Reviving HCC's fortunes is a key to winning. Burge made his first huge impact on Feb. 6 when he signed Smithsburg's Cara Ferguson — a 2012 Herald-Mail Washington County co-player of the year — to a letter-of-intent to play for the Hawks in 2014.

It's a milestone that just signifies how his quest for a new adventure has turned into a burning passion.

“I wasn't an official coach last year. I just volunteered to help coach Sterner and I fell in love with it,” Burge said. “I didn't do it for any specific reason. I just wanted to help and then I fell in love with another sport.

“I love challenges and new things and thought this would be an awesome challenge. I have been in sports my entire life and love competition and working in a team aspect, but I love the idea of working with young athletes and helping use what they learn in sports to help them develop into young adults.”

For Burge, it's a change, but only a slight one.

He has been at HCC as an instructor and director of the school's wellness center. He moved to the area 2 1/2 years ago and worked at Shepherd University in similar capacities until was accepted at HCC.

Burge is a North Carolina native, who played basketball in high school and at Guilford College before getting into strength and conditioning.

When HCC opens its season today, Burge will have already been on the job for six weeks. The Hawks started practices on Jan. 22 with 6:30 a.m. practices, which may become a cornerstone for his program and a starting point for his players.

“There is a lot to be learned about competing in sports, like discipline and being on time,” Burge said. “We have been doing the 6:30 practices. The idea of these girls getting up that early to practice, then going school and then going to work a part time job are the kinds of lessons they will transfer over when they get a fulltime job in their adult lives.”

That belief has Burge trying to take the program down to a deeper level.

“I've come to realize that there are a lot of girls who are not playing softball right now that are good enough to play here,” he said. “I want to be able to get them to understand that if they come here to play, they earn so much and get a chance to go to a four-year school or at least a chance to get into, say, the nursing program here.”

It's not just Burge's philosophy.

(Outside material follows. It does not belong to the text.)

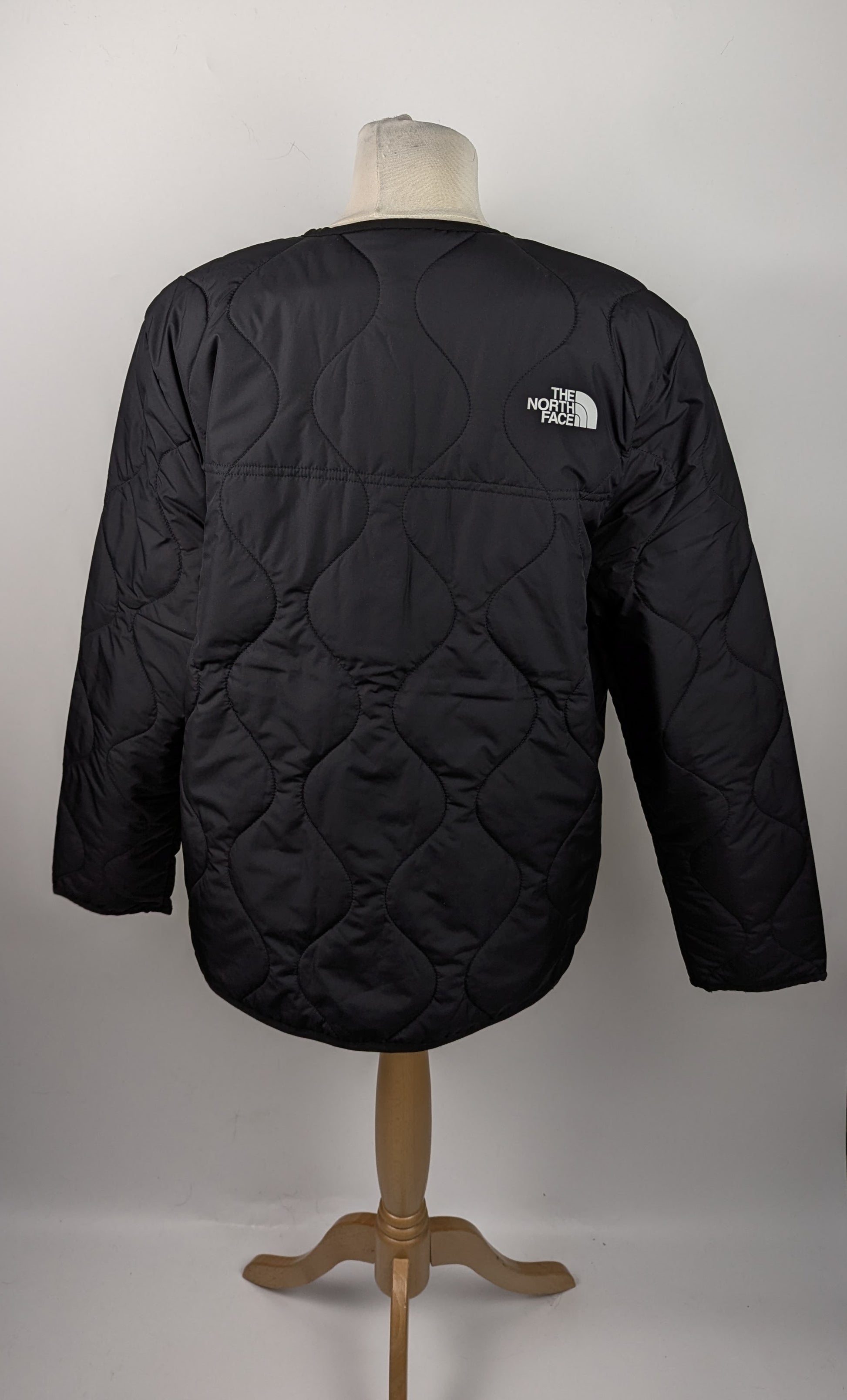 Designed for outdoor activities such as hiking and trekking, The North Face Ampato Quilted Liner Jacket in dark sage is equipped to withstand rainy weather. Featuring a classic crew neckline and button fastening, this jacket also includes convenient flap pockets with a button panel and a sleek plain pattern. Characteristics: Wind resistance and water repellences are key features of this jacket.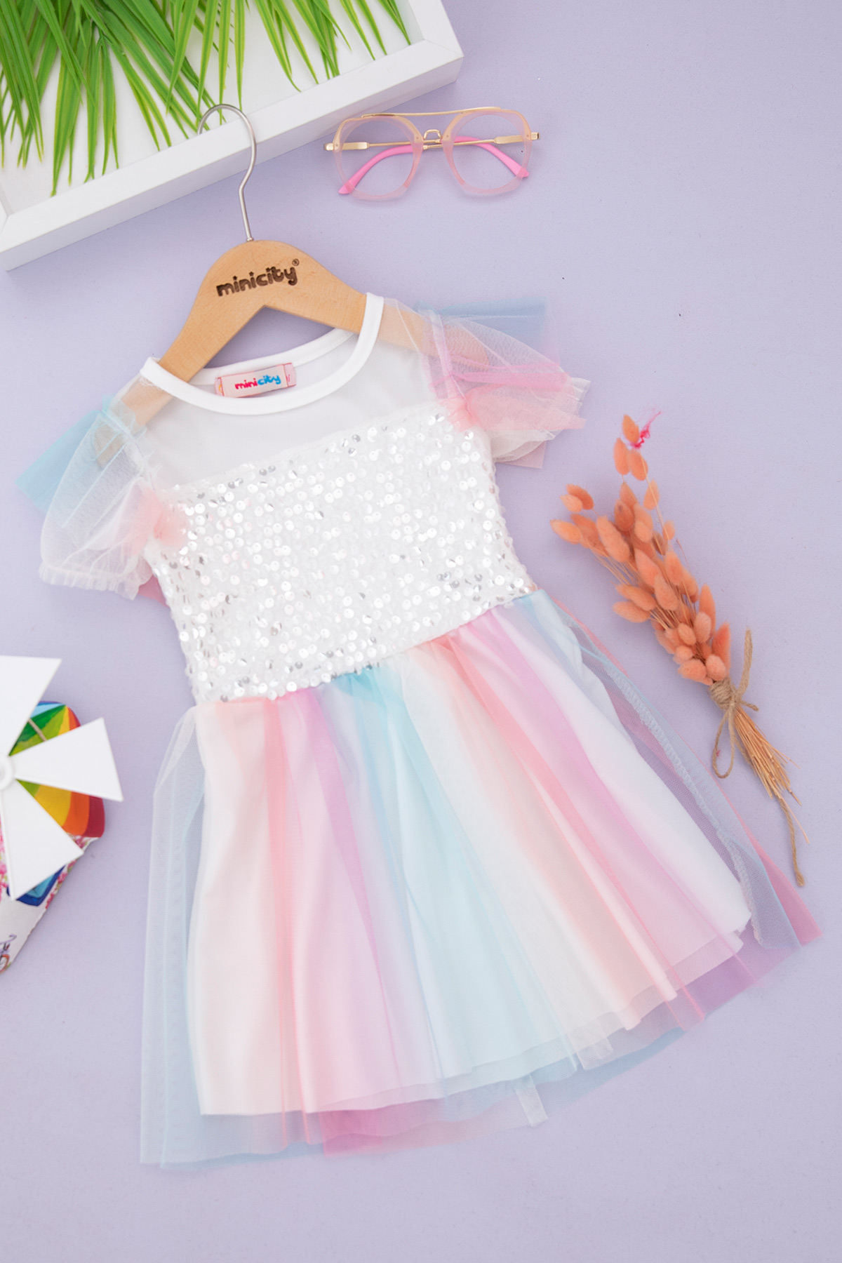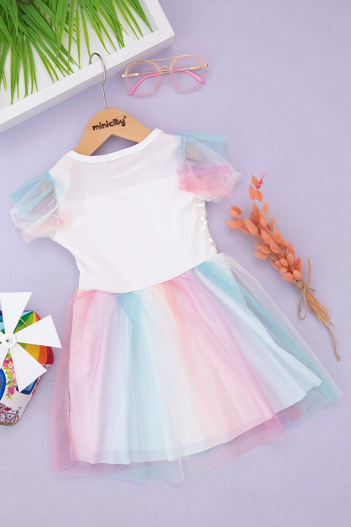 Kız Çocuk Dijital Pullu Elbise - 123320 (2-6 Yaş)

He has been living it as he makes the move from volunteer to the guy who is calling the shots.

“We have been preparing for it every day,” Burge said. “We attended a conference in New Jersey, listening to coaches talk about hitting and pitching. I have been sitting with our assistant coaches every day to discuss our practice schedules. We have been preparing in force.”

The signing of Ferguson is a sign of what Burge expects to accomplish.

“I'd like to get the players her with the love and passion for the game,” Burge said. “Cara has the leadership. If we can get 12-13 girls like her, it will all come together. You got to love the game.”